Problem to solve >> The answer must reproduce all of the data below exactly and contain no images.

Information shown >>

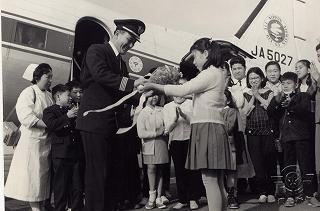 昭和38年4月29日、ベッドスクールの子供たち50名が、麻田機長さんみずから操縦する旅客機に乗って仙台・松島上空を遊覧飛行しました。
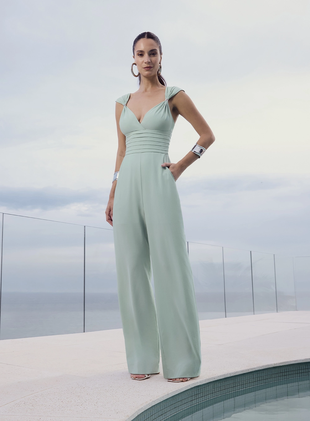 Confeccionado em crepe de aspecto nobre, este macacão proporciona um visual refinado e um toque suave. O decote em V confere um toque de feminilidade discreta, enquanto as alças ajustáveis por um detalhe metálico adicionam um toque de modernidade e personalização. As pregas no corpinho são estrategicamente posicionadas para valorizar a forma, e os bolsos laterais oferecem funcionalidade sem comprometer a linha limpa da peça. O fechamento por zíper visível na parte posterior é um detalhe de design contemporâneo que complementa o estilo da peça.
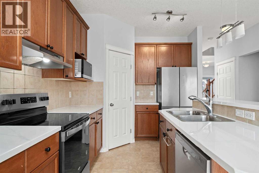 HUGE LOT. RARE WALKOUT BASEMENT. FAMILY-FRIENDLY CUL-DE-SAC. OVER $100K IN NEW EXTERIOR UPGRADES. This home is an excellent fit for families looking for outdoor space, peace of mind, and long-term value in a well-loved NW community. It is set on one of only two cul-de-sac streets in all of Kincora, a detail many residents value for safety, privacy, and reduced traffic. Families will appreciate the quick access to Kincora Glen Park and the wide walkout lot that gives kids and pets room to spread out. The exterior has been thoughtfully refreshed. With more than $100,000 invested in exterior improvements, this home comes with a renewed exterior and the kind of long-term stability families appreciate. Updates include a new roof, new siding, new eavestroughs, repainted exterior trim, a new garage door, and new front and side windows. Even the dryer is new, adding one more thing future owners do not need to worry about. Inside, the layout is bright, comfortable. The kitchen features a central island with a raised eating bar, a walk-in pantry, and a breakfast nook with access to the rear deck. It is an easy place for family meals and summer BBQs. The living room has a gas fireplace, and the front flex room can function as a formal dining space, home office, or play area. Upstairs, the bonus room works well as a family hangout or media space. The primary bedroom includes a walk-in closet and a four-piece ensuite with a private water closet, soaker tub, and separate shower. Two additional bedrooms, a full bathroom, and a convenient upper-floor laundry room complete this level. The walkout basement, with rough-in plumbing, is ready for future development and offers room for a recreation area, guest suite, or home gym. Kincora is known for its family-friendly feel and strong community involvement. Early Discoveries Nursery School is a short walk away, and a new CBE middle school for grades five to nine is planned for the nearby Sage Hill and Kincora area. Transit is close, and daily essentials such as shopping, medical clinics, and pharmacies are minutes from the home. The community association also maintains an outdoor ice rink each winter. This home brings together a large lot, a full walkout basement, a quiet cul-de-sac location, and extensive recent exterior improvements. It is move-in ready with room to grow in a community that families continue to choose, again and again. (id:55690)

Solution to this problem >>
 昭和38年4月29日、ベッドスクールの子供たち50名が、麻田機長さんみずから操縦する旅客機に乗って仙台・松島上空を遊覧飛行しました。
 Confeccionado em crepe de aspecto nobre, este macacão proporciona um visual refinado e um toque suave. O decote em V confere um toque de feminilidade discreta, enquanto as alças ajustáveis por um detalhe metálico adicionam um toque de modernidade e personalização. As pregas no corpinho são estrategicamente posicionadas para valorizar a forma, e os bolsos laterais oferecem funcionalidade sem comprometer a linha limpa da peça. O fechamento por zíper visível na parte posterior é um detalhe de design contemporâneo que complementa o estilo da peça.
 HUGE LOT. RARE WALKOUT BASEMENT. FAMILY-FRIENDLY CUL-DE-SAC. OVER $100K IN NEW EXTERIOR UPGRADES. This home is an excellent fit for families looking for outdoor space, peace of mind, and long-term value in a well-loved NW community. It is set on one of only two cul-de-sac streets in all of Kincora, a detail many residents value for safety, privacy, and reduced traffic. Families will appreciate the quick access to Kincora Glen Park and the wide walkout lot that gives kids and pets room to spread out. The exterior has been thoughtfully refreshed. With more than $100,000 invested in exterior improvements, this home comes with a renewed exterior and the kind of long-term stability families appreciate. Updates include a new roof, new siding, new eavestroughs, repainted exterior trim, a new garage door, and new front and side windows. Even the dryer is new, adding one more thing future owners do not need to worry about. Inside, the layout is bright, comfortable. The kitchen features a central island with a raised eating bar, a walk-in pantry, and a breakfast nook with access to the rear deck. It is an easy place for family meals and summer BBQs. The living room has a gas fireplace, and the front flex room can function as a formal dining space, home office, or play area. Upstairs, the bonus room works well as a family hangout or media space. The primary bedroom includes a walk-in closet and a four-piece ensuite with a private water closet, soaker tub, and separate shower. Two additional bedrooms, a full bathroom, and a convenient upper-floor laundry room complete this level. The walkout basement, with rough-in plumbing, is ready for future development and offers room for a recreation area, guest suite, or home gym. Kincora is known for its family-friendly feel and strong community involvement. Early Discoveries Nursery School is a short walk away, and a new CBE middle school for grades five to nine is planned for the nearby Sage Hill and Kincora area. Transit is close, and daily essentials such as shopping, medical clinics, and pharmacies are minutes from the home. The community association also maintains an outdoor ice rink each winter. This home brings together a large lot, a full walkout basement, a quiet cul-de-sac location, and extensive recent exterior improvements. It is move-in ready with room to grow in a community that families continue to choose, again and again. (id:55690)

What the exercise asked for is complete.